インスタレーションアート集団「チームラボ」丸ごと彼らの作品でできた美術館と噂の「チームラボ・ボーダーレス」に行ってきました。
心身の健康な人は、ぜったいにネタバレを見ないで行った方が楽しいです。逆に子供がいたり体力に不安がある人は下調べした方がいいかもしれません。なんで? というのも含めて感想を書きます。以下はネタバレ注意でおねがいします!

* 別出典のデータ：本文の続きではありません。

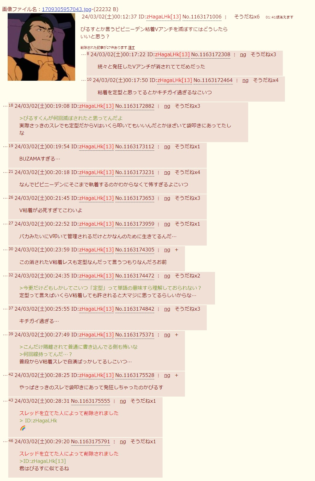| … | 7026/03/13(金)03:35:36No.1410215595+>スレ画のアホはVガンダム粘着コピペをする荒らしでありVtuber粘着と遊戯王粘着をする荒らしでもある事が判明してるから |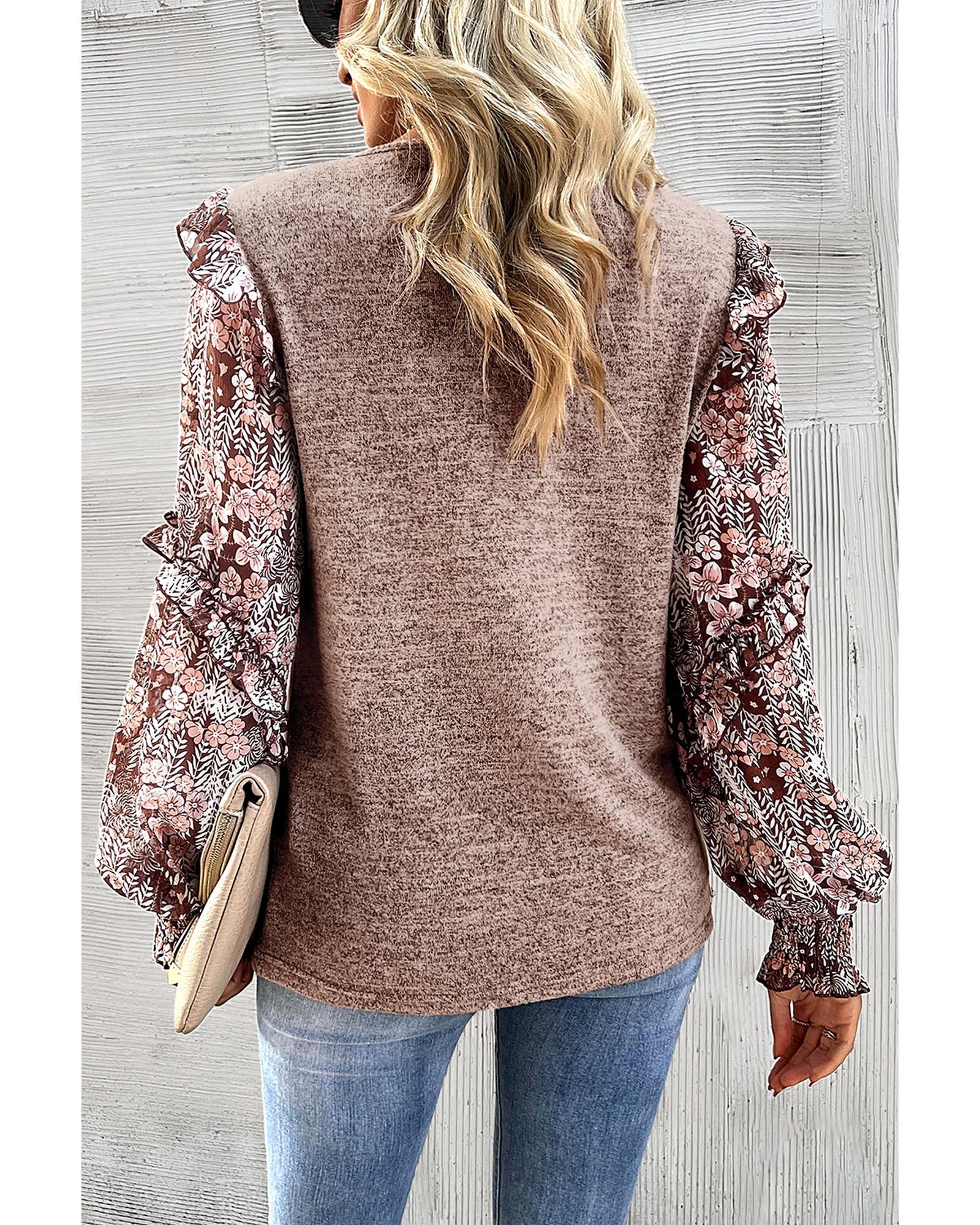 Pale Chestnut Ruffle Tiered Floral Sleeve Crew Neck Blouse – S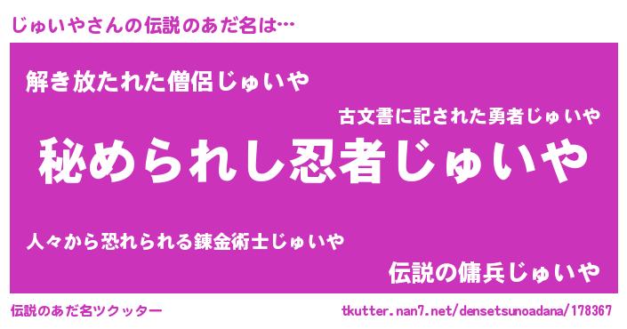 | ヒーロー風カッコイイあだ名 | 『ウルトラじゅいやマン』『銀牙騎士ジュ』 |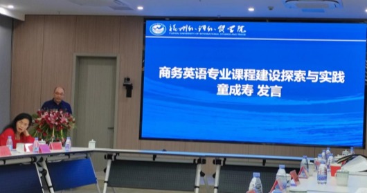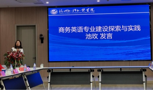 万象城官网万象城娱乐awc线路院长池玫教授、童成寿老师应邀参加了此次研讨会,并在会上分别作题为“商务英语专业建设探索与实践”“商务英语专业课程建设探索与实践”的分享发言。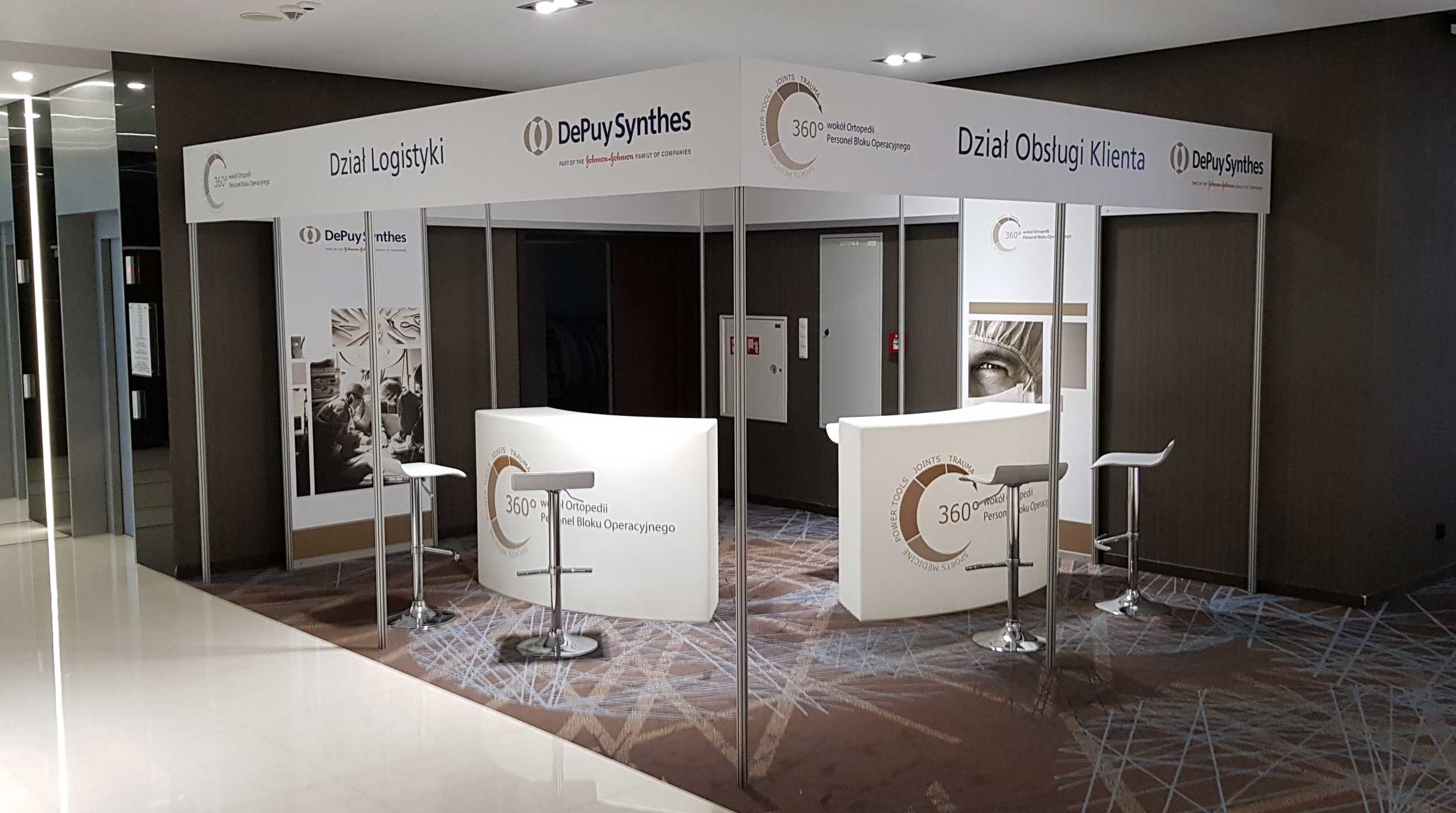 Oferujemy gotowe stoiska targowe zaprojektowane z wykorzystaniem profili i ram aluminiowych.

↑目玉展示のひとつ『ランプの森』。SNSでもよく見る。桜色は期間限定だったもよう
美術館というと、普通は建物があって部屋があって作品が並んでいて……というのが普通で、現代アートやインスタレーションの文脈でも破られることは滅多にありません。しかしこの美術館。館内マップがない。順路もない。部屋そのものがプロジェクションマッピングなどの技術を駆使した作品群。それどころかなんと、作品が勝手に消滅したり移動し、名称通り「ボーダーレス」に振る舞うのです。
↑展示室の床です。花が咲いては散り、風に流され、動物が横切ったり。床と壁の境目すらも曖昧
冒頭のランプの森をはじめとしたいくつかの展示は部屋の中から移動しませんが、道中の作品が変わってしまい見失います。いつしか目的地を定めず時間を忘れて探索するのがとてつもなく楽しくなっていました。さながらRPGのマップ自動生成ダンジョンみたいです。
(その性質上、授乳室やトイレが見つからなかったり、最後まで見たから帰るよ論法が通じなかったりで家族連れさんは大変そうでした)
ボーダーレスなのは部屋だけでなく、作品と鑑賞者の境界すらも曖昧で、世界観に没頭できました。館内は暗く、他人の顔はほとんど見えないし写真にもうつりません。プロジェクションマッピングで常に自分の体にも蝶が舞い花が咲き、ときに自分が触れることで変化する作品もあります。
↑ボーダーを消すために鏡が多用され、ときに床が鏡張りだったりするのでスカート派の人は中身に注意です
特に印象に残ったのは館内の喫茶店。お茶を頼むとその水面に花が咲き、飲むために器を持つと花が散っていくという作品です。お茶のフレーバーはまるで花から香ってきているようで、とてつもない現実感がありました。
↑花はお茶がある限り何度でも咲く。そして散る
プロジェクターの固定が甘く小刻みに揺れている、フレームレートが低め、画質粗めなどの技術的な制約こそ見受けられました。が、逆にいえばその制約が取れてしまえば現実顔負けの没入感を出せそうで、5年後10年後が怖い美術館です。
↑菜の花畑。こちらも期間限定の演出。白っぽい服で行くと自分も花になれる
他ではできない体験ができる魅力的な美術館でした。花や光が好きな人、写真を撮るのが好きな人には特におすすめです。薄暗くてロマンティックだからデートにもすごくいいよ!